Dabei kann Diskriminierung unterschiedliche Formen annehmen. Mal wird Mädchen und Frauen der Zugang zur Bildung verwehrt, mal können Mitglieder unterschiedlicher sozialer Gruppen nicht am politischen Leben teilhaben, mal werden religiöse Gruppen und Gemeinschaften verfolgt oder ihnen wird gar vollständig die Freiheit ihre Religion auszuüben aberkannt. Homosexuelle können in den meisten Ländern der Welt noch nicht gleichberechtigt heiraten oder werden aufgrund ihrer sexuellen Orientierung angefeindet oder verfolgt. Es gibt unzählige weitere Beispiele. Diskriminierung kann aber auch subtiler ausfallen.

Es gibt sehr unterschiedliche Formen der Diskriminierung: Indirekte, direkte, strukturelle, individuelle oder institutionelle Diskriminierung. Auch Sprache kann diskriminierend wirken. Gemein ist jeder Form der  Diskriminierung, dass es sich bei ihr immer auch um einen Angriff auf die Menschenwürde handelt. Sind Staaten dafür verantwortlich oder tun nicht genug dagegen, dass Menschen vor Diskriminierung geschützt werden, dann stellt Diskriminierung eine Menschenrechtsverletzung dar. Und sie kommt selten allein. Häufig haben es diskriminierte Menschen oder Gruppen besonders schwer, ihre Rechte durchzusetzen und sind so besonders gefährdet Opfer weiterer Menschenrechtsverletzungen zu werden.  

Menschen mit Behinderungen

Im Jahr 2015 wurde in New York City der erste Pride für Menschen mit Behinderungen durchgführt (c) UN Phot/Devra Berkowitz

Aktivitäten im Alltag, die für nichtbehinderte Menschen als selbstverständlich gelten, und für sie ohne größere Probleme zu bewältigen sind, stellen für behinderte Menschen häufig eine große Herausforderung dar.
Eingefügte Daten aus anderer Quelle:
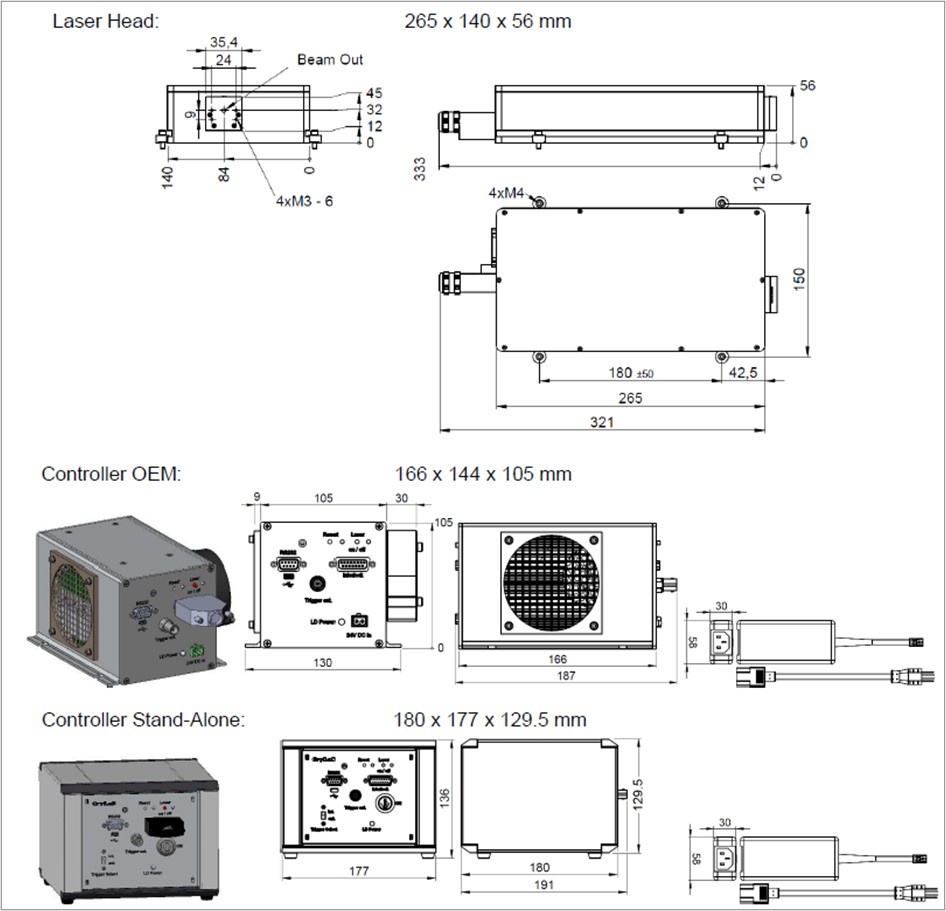 选项 | 手动快门或电子光闸, 外部扩束(例如M=5), 独立系统(符合CDRH标准;包括按键开关、散热器、手动光束快门) |

Dadurch sowie aufgrund von weitergehender Diskriminierung werden sie daran gehindert, gleichberechtigt am Alltag und öffentlichen Leben teilzuhaben.

Menschen mit Behinderungen erfahren aufgrund von stereotypen Vorstellungen von Behinderungen häufig Diskriminierung im Alltag, im Bildungswesen und auf dem Arbeitsmarkt. So dürfen Kinder mit Behinderungen nicht am gleichen Schulunterricht teilnehmen wie nicht behinderte Kinder, sie haben Schwierigkeiten eine Arbeitsstelle zu finden, für die sie qualifiziert sind und laufen Gefahr, pauschaler Ausgrenzung ausgesetzt zu werden, bis hin zur Marginalisierung.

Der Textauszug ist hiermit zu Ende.